[Start of section]
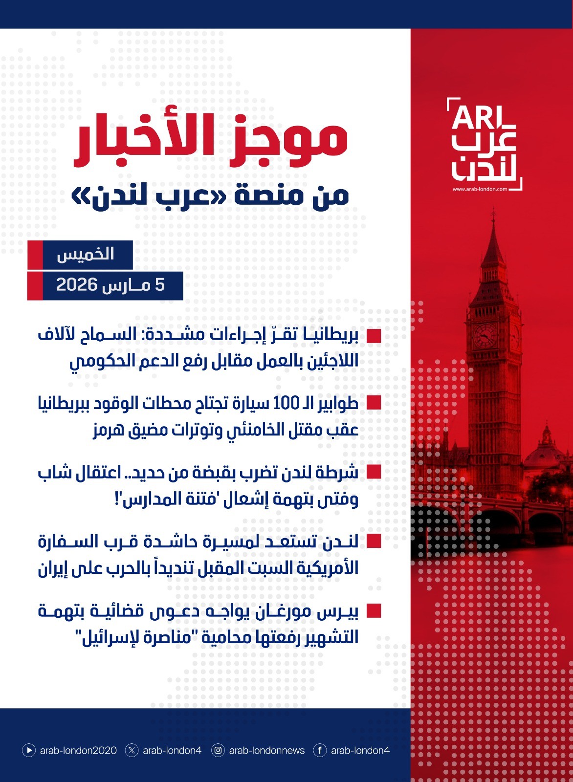 الرئيسية أخبار موجز أخبار بريطانيا من منصة عرب لندن: الجمعة: 6 مارس/آذار 2026 أخبار موجز أخبار بريطانيا من منصة عرب لندن: الجمعة: 6 مارس/آذار 2026 2026-03-06 🔴اعتقال 10 أشخاص بينهم بريطانيون للاشتباه في تجسسهم لصالح إيران في لندن 🔴لامي يصف تسريب تفاصيل اجتماع أمني سري حول إيران بـ "المهزلة" ويطالب بفتح تحقيق 🔴أولى رحلات الإجلاء البريطانية تحط في لندن وسط تحديات لوجستية وانتقادات لـ "فوضى التنظيم" 🔴اعتقال زوج نائبة بريطانية واثنين آخرين للاشتباه بالتجسس لصالح الصين 🔴بعد العثور على 600 قطعة سلاح.. إدانة بريطاني مهووس بالنازية بتهم إرهابية السابق وزير أيرلندي يندد بالإساءة لعمال محطات الوقود بسبب ارتفاع الأسعار التالي لامي يصف تسريب تفاصيل اجتماع أمني سري حول إيران بـ "المهزلة" ويطالب بفتح تحقيق تابعوا آخر أخبار عرب لندن عبر Google News الاكثر قراءة واشنطن تُقيّد تسليم ملفات إبستين وبريطانيا تواجه عوائق قانونية 2026-04-25 شبانة محمود لا تستبعد ترحيل طالبي اللجوء الأفغان المرفوضين 2026-04-25 لندن تستضيف اجتماعاً لأكثر من 30 دولة لبحث أمن مضيق هرمز 2026-04-22 شرطة لندن تنتقد قرار فصل موظف دافع عن متجره ضد عملية سرقة 2026-04-23 خاص لعرب لندن| السوريون في بريطانيا يترقبون مآلات ملفات اللجوء بعد زيارة الشرع 2026-04-21 مخابز Greggs تنقل منتجاتها خلف طاولات مضادة للسرقة بعد تصاعد السرقات 2026-04-26 مقالات ذات صلة بريطانيا في دقيقة| الكشف عن شبكة لإبستين في بريطانيا… شقق للاتجار بالجنس بين لندن وباريس!! 2026-04-28 بريطانيا تسجل ثالث أعلى معدل للعاطلين عن العمل والتعليم في أوروبا 2026-04-28 أزمة حقوقية في بريطانيا: 150 منظمة تهاجم خطط الحكومة لترحيل الأطفال قسراً 2026-04-28 الملك تشارلز والملكة كاميلا يلتقيان بعائلة ترامب في البيت الأبيض 2026-04-28 إنقاذ 106 مهاجرين في القنال بعد أيام من صفقة الـ662 مليون بين لندن وباريس 2026-04-28
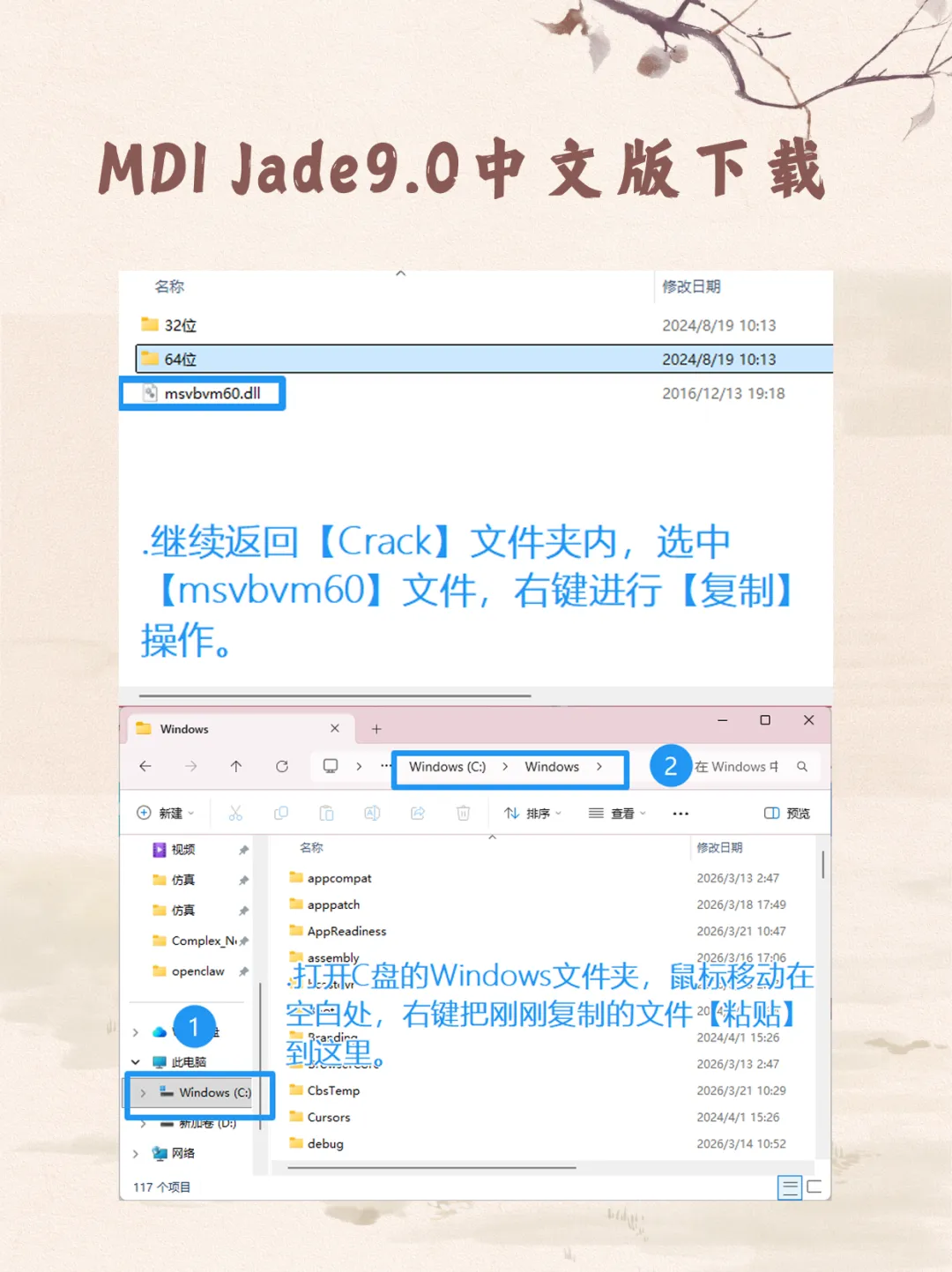 2. 补齐 VB 运行库:在Crack目录复制msvbvm60文件,将其粘贴至C:\Windows文件夹内。
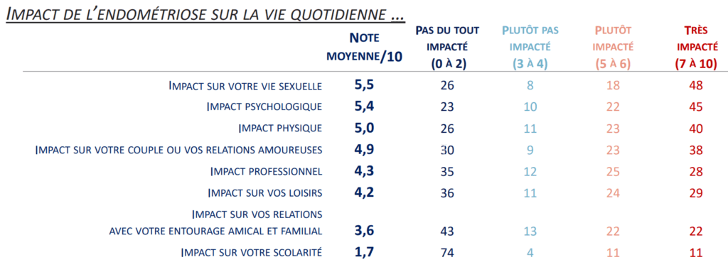 L’association EndoFrance, principale association française d’information et de défense des droits des femmes atteintes d’endométriose a réalisé en juin 2020 une enquête auprès de 1 500 patientes pour connaître l’impact de la maladie sur leur vie. Cette enquête révèle de manière non étonnante que l’endométriose impacte de nombreux aspects de la vie quotidienne des femmes atteinte de cette maladie :
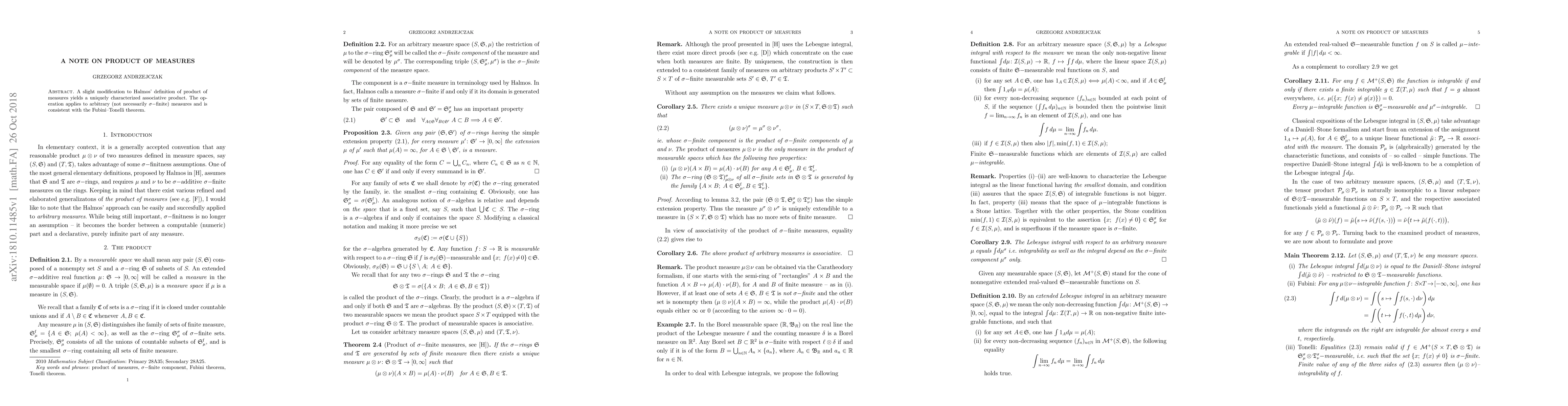 A slight modification to Halmos' definition of product of measures yields a uniquely characterized associative product. The operation applies to arbitrary (not necessarily $\sigma-$finite) measures and is consistent with the Fubini--Tonelli theorem.
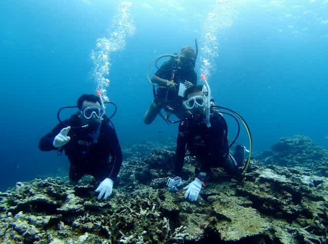 コンディション:南南西の風 気温33℃ 水温29℃ 透明度15~20m
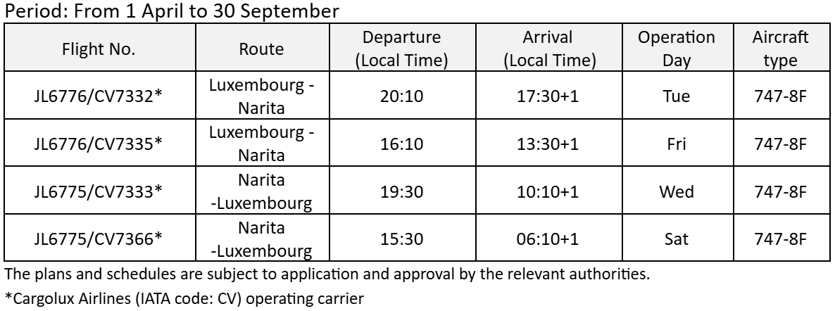 Japan Airlines (JAL) and Cargolux Airlines (CV) are pleased to commence cooperation on the Narita-Luxembourg-Narita and Narita-Chicago-Narita routes starting April 1, 2026.
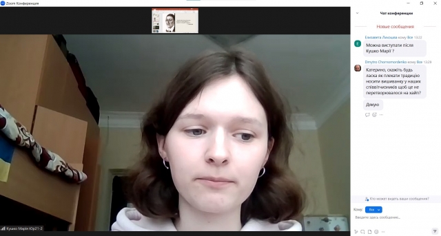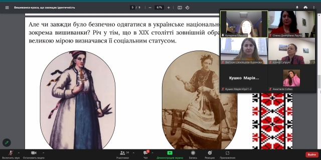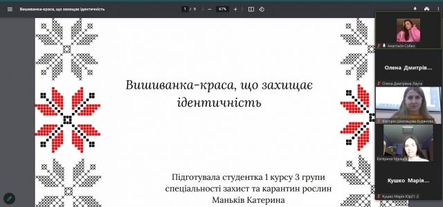 У своїй доповіді «Вишиванка-краса, що захищає ідентичність» студентка факультету захисту рослин, біотехнологій та екології Маньків Катерина розглянула важливість вишиванки як прояв української ідентичності.
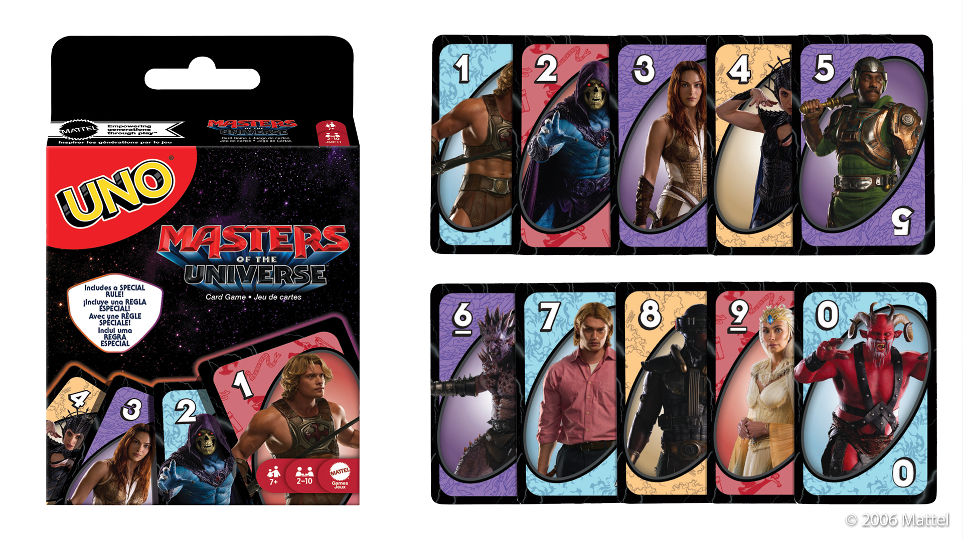 Wer es kleiner mag, findet Funko Pop!-Vinylfiguren der wichtigsten Charaktere, darunter He-Man, Skeletor, Teela und Man-At-Arms. Hot Wheels bringt He-Man und Skeletor als Fahrer von 1:64-Die-Cast-Fahrzeugen in den Handel, Mattel Brick Shop liefert ein baubares Snake-Mountain-Set mit Lavaeffekten und zwölf NanoWorld-Figuren. Selbst das Kartenspiel UNO bekommt eine Filmversion, inklusive einer speziellen „Schwert der Macht“-Regel.
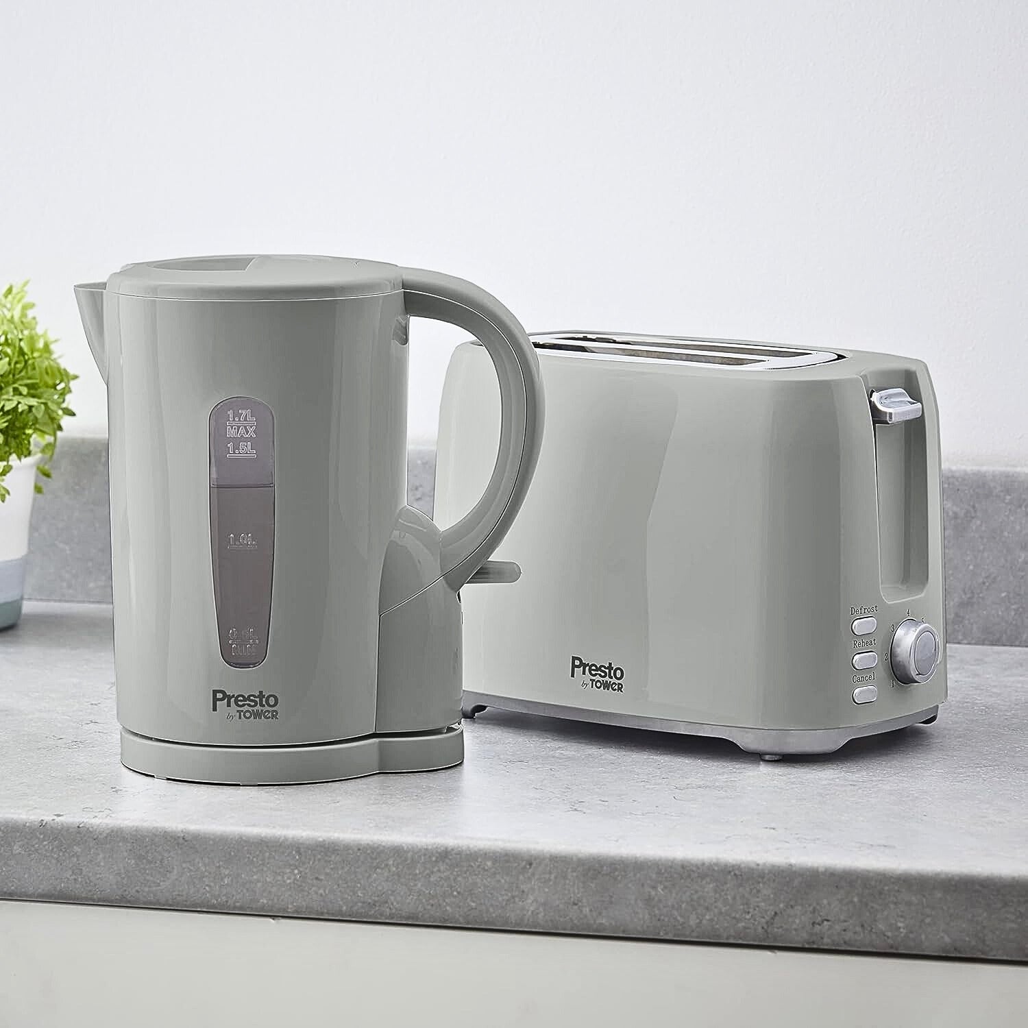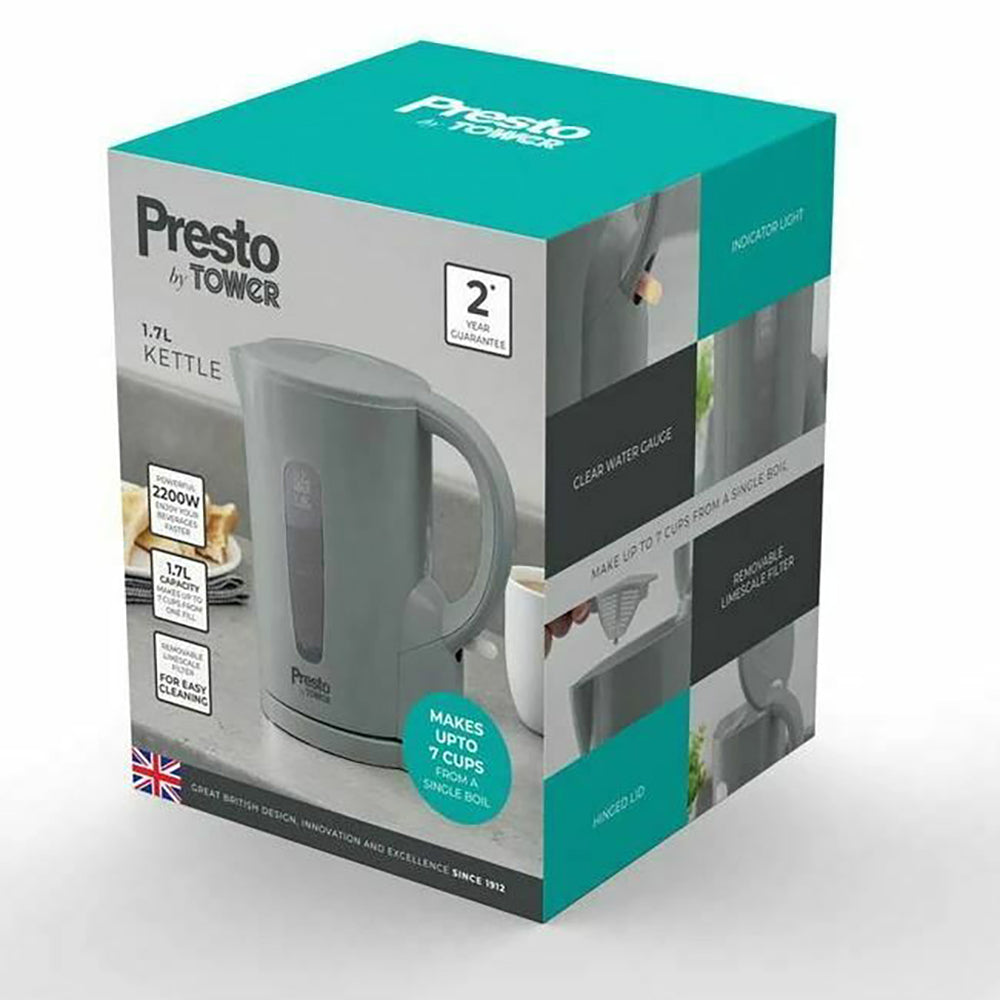 The historic Tower Presto range brings back its affordable and versatile products to people's homes, complete with contemporary features. This electric 2200W kettle has a 1.7-liter capacity that can make up to 7 cups from a single boil, so you can enjoy a nice brew with friends and family. The included filter can be detached which is easy to clean and maintain, ensuring the kettle continues to perform at its best. Also included are boil dry protection and automatic switch-off, which provide added safety when in use. This Presto kettle is a great little addition to the kitchen. Stylish open handle design and Ombre finish. Separate base with cord for portability. Easy manual opening hinged lid. Approx. product dimensions: H20.5 x L13.8 x W21 cm.
[End of section]
### Exercise description:
Nothing but the lines from the one containing "Wer es kleiner" through the end of the listing is to be output, and those lines are to be output exactly, pictures excluded.

### Expected output:
 Wer es kleiner mag, findet Funko Pop!-Vinylfiguren der wichtigsten Charaktere, darunter He-Man, Skeletor, Teela und Man-At-Arms. Hot Wheels bringt He-Man und Skeletor als Fahrer von 1:64-Die-Cast-Fahrzeugen in den Handel, Mattel Brick Shop liefert ein baubares Snake-Mountain-Set mit Lavaeffekten und zwölf NanoWorld-Figuren. Selbst das Kartenspiel UNO bekommt eine Filmversion, inklusive einer speziellen „Schwert der Macht“-Regel.
 The historic Tower Presto range brings back its affordable and versatile products to people's homes, complete with contemporary features. This electric 2200W kettle has a 1.7-liter capacity that can make up to 7 cups from a single boil, so you can enjoy a nice brew with friends and family. The included filter can be detached which is easy to clean and maintain, ensuring the kettle continues to perform at its best. Also included are boil dry protection and automatic switch-off, which provide added safety when in use. This Presto kettle is a great little addition to the kitchen. Stylish open handle design and Ombre finish. Separate base with cord for portability. Easy manual opening hinged lid. Approx. product dimensions: H20.5 x L13.8 x W21 cm.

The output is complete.